CMT Edge: I’m not going to ask you to explain for the umpteenth time how you and Kenneth met and started making music together.
Ryan: You have no idea how much I appreciate that.
Being a solo singer-songwriter could be considered the ultimate mode of self-expression in popular music. You were each committed to that before you set it aside to do Milk Carton Kids. Why do you think you saw teaming as a duo as a more promising thing?
I’ve gotta say that in the beginning, any sort of potential for a bigger audience was completely lost on us. I think it came out of a real artistic dissatisfaction, definitely speaking for myself. I think I can safely speak for Kenneth.
It’s true that the solo singer-songwriter is the quintessential mode of self-expression but I don’t think either of us was achieving that on our own. I had the experience of falling short most of the time, even when I wanted to express. I wasn’t able to get to a place that I was confident that what I was doing was worthwhile.
All of the sudden, when we started playing together, we started pushing each other in ways that nobody else had ever dared to push us, and it started to very quickly feel like we were doing something worthwhile for the first time artistically. We were saying things that we had always wanted to say in a way that we wanted to say them, and it felt good. It felt fulfilling and rewarding.
It sounds like you did give at least a little bit of thought to what you were giving up and what you were gaining in return when you made that move.
Yeah, absolutely. I mean, we were very familiar with what we were going to be giving up, and I don’t think it was that hard to give it up. … Our relationship is like a marriage in a lot of important ways — and not like a marriage in a couple of important ways, too. (laughs)
Did it seem paradoxical that in doubling your lineup, you were simultaneously whittling your accompaniment way down? You’d each recorded solo albums with additional layers of instrumentation.
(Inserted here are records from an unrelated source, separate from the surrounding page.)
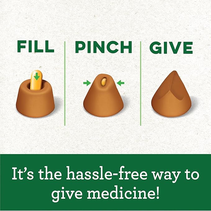 - Tuck the pill or capsule into the built in pocket and your dog gets medication along with a tasty flavored treat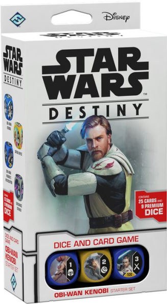 Star Wars Destiny Obi-Wan Kenobi Starter Pack by Fantasy Flight contains 24 cards and 9 premium dice, tokens and everything needed for ONE player to start playing the dice and card game.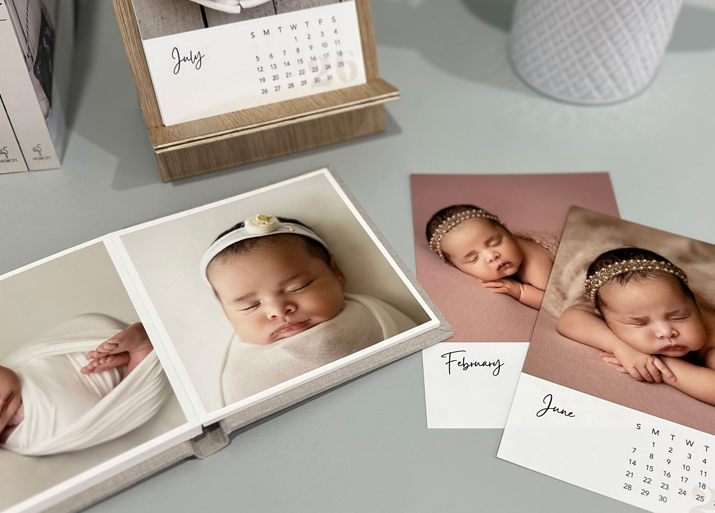 Calendars are not only a thoughtful gift for family and friends – they’re also a beautiful way to keep your business front of mind all year round. Our modern fine art desk calendars are printed on Epson Archival 189gsm smooth matte paper and beautifully presented with a raw timber easel – perfect for any desk or tabletop display. Each calendar sheet measures 7x5", with a 5x5" image, and to make designing a breeze, we include FREE Canva and Photoshop templates. Calendars run from January through December.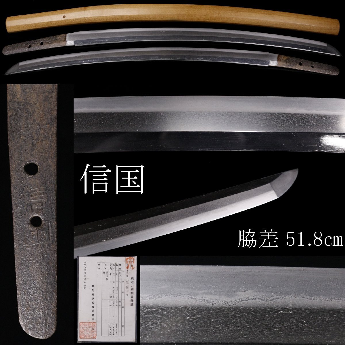 [.RQ]25.10 251017F09| * * * 商品詳細 * * * ここでしか出逢うことのできない唯一の美をご紹介させて頂きます。 反り深く凛々しい、迫力ある姿をした脇差です。 実寸よりも大きく感じさせる覇気があり、明るく鈍い輝きに見惚れます。 働き入り、その複雑な表情にも目を奪われる、 日本刀ならではの芸術的な美が味わえる逸品です。 この機会に是非お手元にてご堪能下さい。 ■商品内容/脇差本体、白鞘、登録証。 ■本身サイズ 全長/65.5㎝ 刃渡/51.8㎝ 元幅/2.7㎝ 先幅/2.1㎝ 元重/0.5㎝ 先重/0.4㎝ 本身重量/468g ■状態/キズ、サビ、切先に潰れ、ハバキ下に潰れ、 白鞘にスレ、キズ、シミ、へこみ、テープ跡がございます。 刃毀れ、ハギレはありません。     ※写真にてご確認、ご了承の上ご入札ください。 ご落札(購入)後は所定の期日までに都道府県の教育委員会に所有者変更の届出をお願い致します。  !かんたん決済  * * * 発送詳細 * * *  入金確認後3営業日以内に発送致します。 ※直接引き取りも可能です。 60~160サイズにつきましては 佐川急便、ゆうパックのどちらかで発送いたします。 ゆうパック発送の場合、弊社の発送日から追跡サービスに問合せ番号が反映されるまで 約1日ほどお時間がかかりますのでご了承下さい。 * * * 注意事項 * * * 運送中の破損があった場合は速やかに当社までご連絡下さい。  保険を利用するのに受取連絡後に運送会社による現場での破損状況確認が必要となります。  勝手に返送されますと保険の適用外となりますのでご注意ください。   * * * * * * お問い合わせ:082-236-8669 |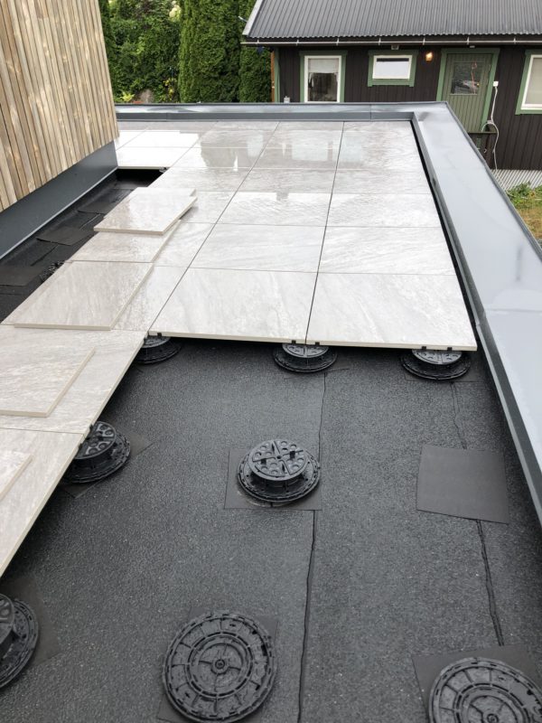 En variant av så kallad raised floor installation är den här lösningen från Profilitec. Piedestalerna som vi använder oss av är de mest flexibla på marknaden och ger en enkel och exakt installation. Fördelen med den här metoden med piedestaler är att den är just flexibel. Du kan enkelt lyfta bort en platta om du behöver komma in under. Om du vill dra el eller vatten under sommarhalvåret så är det inga problem. Fördelarna mot ett tralldäck är många, framförallt så krävs inget underhåll mer är sopning och en avspolning då och då. Inga stickor, inga skruvskallar som sticker upp, ingen oljning krävs och du behöver inte vara orolig för fläckar av ex vin eller marinader.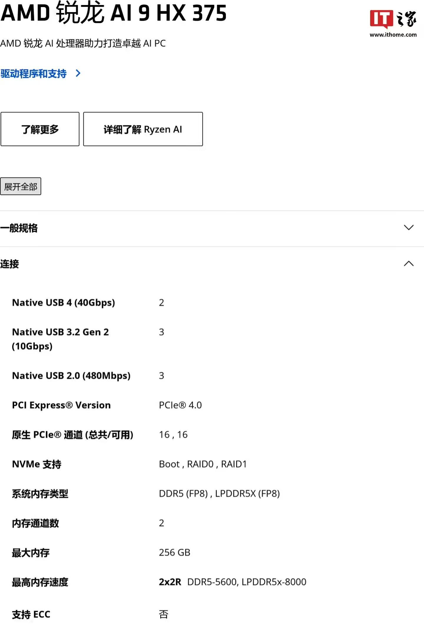 目前 AMD 官网上各款 “Strix Point” 处理器的最高内存速度规格都是 LPDDR5x-8000,而此前的所有 “Strix Point” + LPDDR5x 组合方案的最大内存容量都仅有 64GB。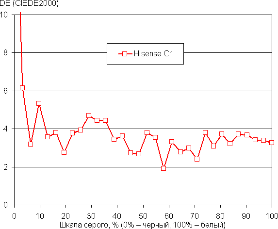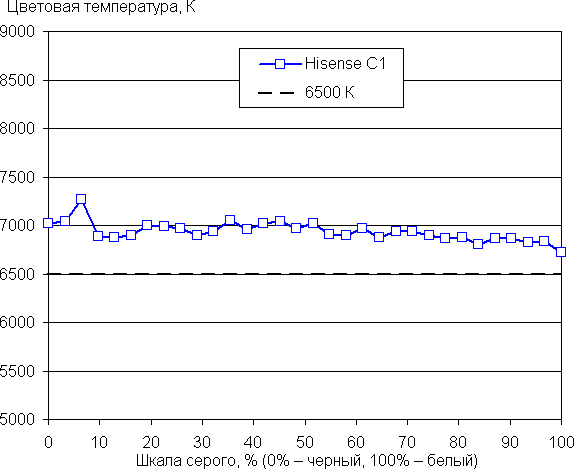 Близкий к черному диапазон можно не учитывать, так как в нем цветопередача не так важна, а погрешность измерения цветовых характеристик высокая. Видно, что в этом случае цветовая температура достаточно близка к 6500 К и ΔE ниже 10, при этом цветовая температура и ΔE мало изменяются на всей имеющей значение части шкалы серого, что благоприятно сказывается на субъективном восприятии цветового баланса. Отметим, что при желании, тонкую коррекцию цветового баланса нужно выполнять индивидуально под конкретный экран.

Yeah, many additional layers. Absolutely. It’s paradoxical. It’s ironic. But it’s the best thing that we ever did.
That also was sort of an immediate thing. I think the first song that we played together was one of mine called “Permanent.” Kenneth invited me over the first time, and we sat on his porch and played it. And when we heard the recording back, it sounded all of a sudden like what the song was supposed to be, like the message of the song was just cutting through so sharply in a way that it never had with all the extra instrumentation.
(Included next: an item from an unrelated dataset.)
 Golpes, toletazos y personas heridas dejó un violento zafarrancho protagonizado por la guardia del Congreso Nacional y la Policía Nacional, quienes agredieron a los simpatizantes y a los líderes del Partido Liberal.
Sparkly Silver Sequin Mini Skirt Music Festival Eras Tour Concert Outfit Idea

And it’s not just pure sparseness either. I could do [that song] solo and it would be even more sparse, but that didn’t quite capture it either. There’s something about the duality of a close harmony being sung. There’s a fundamental thing to our guitar playing that’s opposite from one another, but they fit together just right. They’re complementary, I guess. There’s something to that and the harmony singing that made that song work finally. One song after another, that was what we experienced on that first day. All this time we’d been chasing down these big, expansive arrangements, and they’d obscured the message.
When you stand next to each other playing, the contrast is visible. Kenneth has a tightly-wound quality when he’s playing all his guitar runs, and you have a more placid presence on your side of the stage.
Well, those presences come from deep within us. That difference between us runs through every aspect of our relationship pretty much.
You’ve noted how frequently you get compared to Simon & Garfunkel or the Everly Brothers. But I would say the influence that comes through clearest in your music by far is Gillian Welch and David Rawlings. Their Time (The Revelator) album would’ve come out while you were both in college. Did you get into it back then?
Absolutely. For me, that is probably when it came out, although I didn’t find that record, in particular, for a little while after that.
I never heard the Simon & Garfunkel or Everlys thing. I don’t know any Everly Brothers songs other than the biggest of their hits. I’m not sure that I know any Louvin Brothers songs. And I’m not sure that I’ve ever seen a moment in my life of the Smothers Brothers, who we also get compared to.
But I do hear the Gillian and Dave influence in our music very plainly. I think both of us had really strong phases, when we either first discovered or sometime shortly after discovering their records, of becoming infatuated with them for a period of time. I will say, though, that that didn’t actually take hold of me in an influential way consciously at all. When we formatted this band and sat and played together as a duo and Kenneth’s playing chromatic dissonant runs on the guitar, then I said, “This has got a Gillian Welch and Dave Rawlings thing to it.” It’s gotta be a subconscious thing because it’s in there so deep, but it wasn’t something that we thought about.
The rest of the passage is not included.